**Try it**: A word-for-word copy of the data is what's wanted; pictures stay out of it.

**Recorded data**:
'''
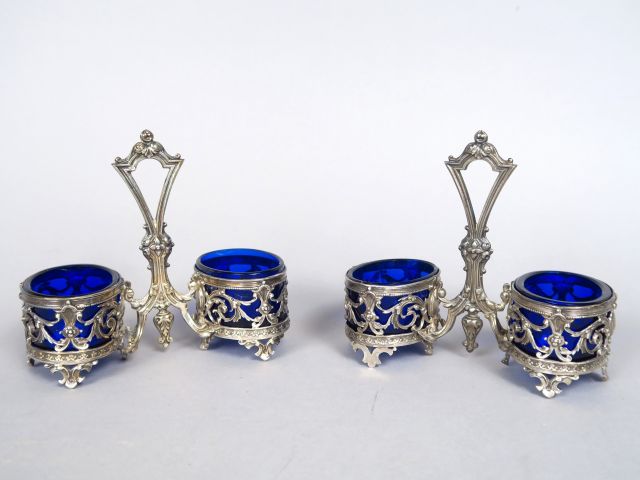 Paire de salerons double de style Louis XVI en argent. Poids (sans les verrines) : 148 g
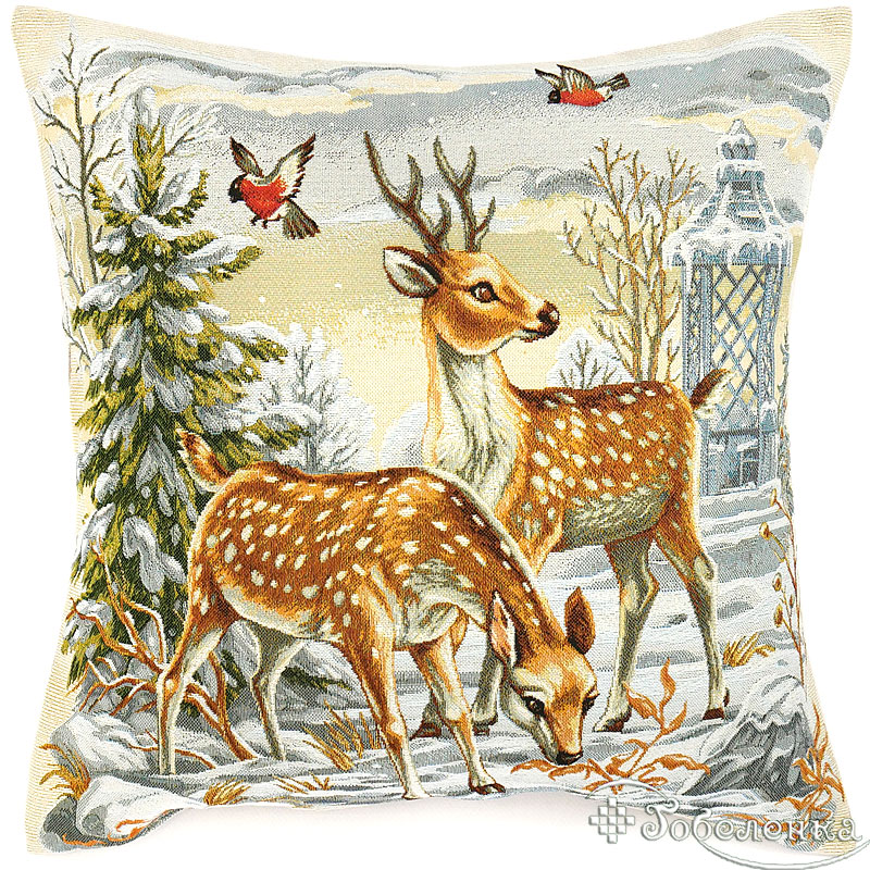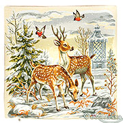 Зимний сюжет: на фоне елочки пара оленей и снегири.
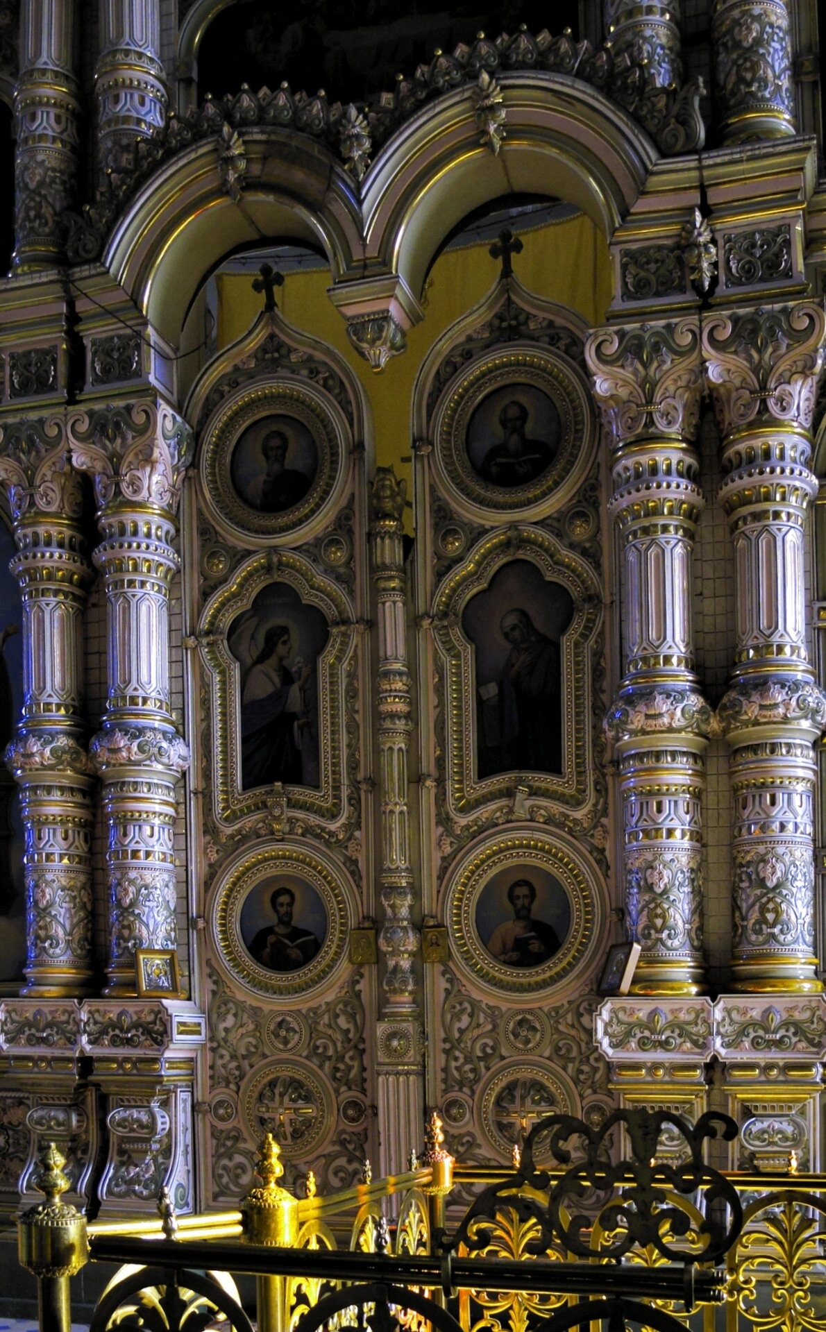 По сторонам от врат расположены иконы в резных золочёных киотах, имеющих как круглую, так и фигурную форму. Эти обрамления, выполненные с высочайшим мастерством, подчёркивают сакральную значимость каждого святого образа. Колонны с пышными капителями делят иконостас на ярусы, придавая всей конструкции монументальность и стройность.
'''
**Answer below**:
 Paire de salerons double de style Louis XVI en argent. Poids (sans les verrines) : 148 g
 Зимний сюжет: на фоне елочки пара оленей и снегири.
 По сторонам от врат расположены иконы в резных золочёных киотах, имеющих как круглую, так и фигурную форму. Эти обрамления, выполненные с высочайшим мастерством, подчёркивают сакральную значимость каждого святого образа. Колонны с пышными капителями делят иконостас на ярусы, придавая всей конструкции монументальность и стройность.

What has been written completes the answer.